■ About this exercise ■
Only the lines from the beginning of the entries through the one that holds "ネスレ日本株式会社 ネスレ ヘルスサイエンス" may appear in the answer, written out exactly and free of pictures.

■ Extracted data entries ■

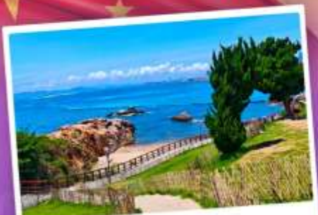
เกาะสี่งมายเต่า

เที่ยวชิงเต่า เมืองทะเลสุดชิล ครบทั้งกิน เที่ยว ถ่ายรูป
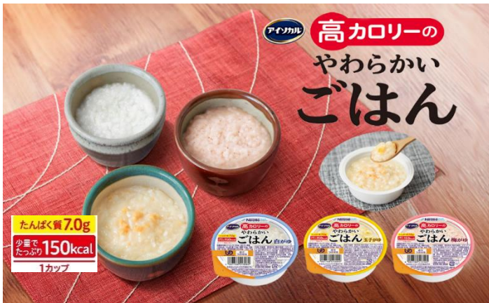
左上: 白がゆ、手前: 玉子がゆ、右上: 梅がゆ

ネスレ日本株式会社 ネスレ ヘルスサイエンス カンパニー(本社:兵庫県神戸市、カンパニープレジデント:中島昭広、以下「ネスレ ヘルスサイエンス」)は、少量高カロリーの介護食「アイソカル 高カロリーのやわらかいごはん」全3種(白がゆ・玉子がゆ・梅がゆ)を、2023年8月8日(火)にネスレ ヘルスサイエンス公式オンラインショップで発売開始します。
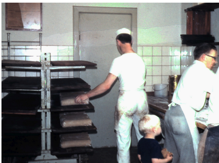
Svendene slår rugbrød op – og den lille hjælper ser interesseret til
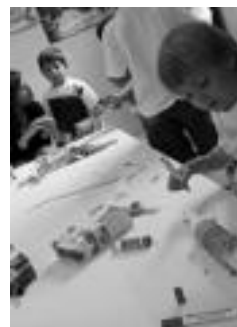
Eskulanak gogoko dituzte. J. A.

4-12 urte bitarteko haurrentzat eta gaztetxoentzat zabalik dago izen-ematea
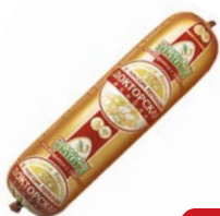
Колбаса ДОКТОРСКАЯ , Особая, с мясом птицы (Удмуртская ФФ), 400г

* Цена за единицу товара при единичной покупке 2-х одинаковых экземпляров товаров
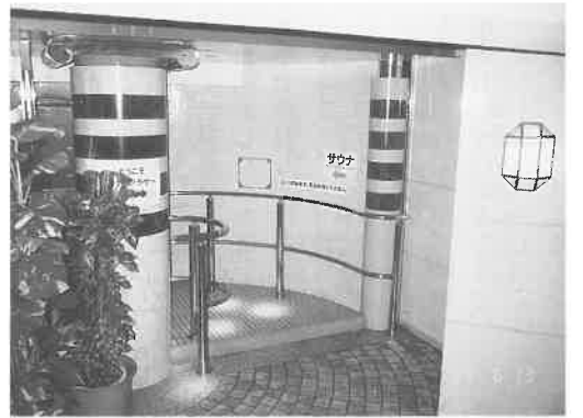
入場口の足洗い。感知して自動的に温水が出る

■ Problem solution ■
เกาะสี่งมายเต่า

เที่ยวชิงเต่า เมืองทะเลสุดชิล ครบทั้งกิน เที่ยว ถ่ายรูป
左上: 白がゆ、手前: 玉子がゆ、右上: 梅がゆ

ネスレ日本株式会社 ネスレ ヘルスサイエンス カンパニー(本社:兵庫県神戸市、カンパニープレジデント:中島昭広、以下「ネスレ ヘルスサイエンス」)は、少量高カロリーの介護食「アイソカル 高カロリーのやわらかいごはん」全3種(白がゆ・玉子がゆ・梅がゆ)を、2023年8月8日(火)にネスレ ヘルスサイエンス公式オンラインショップで発売開始します。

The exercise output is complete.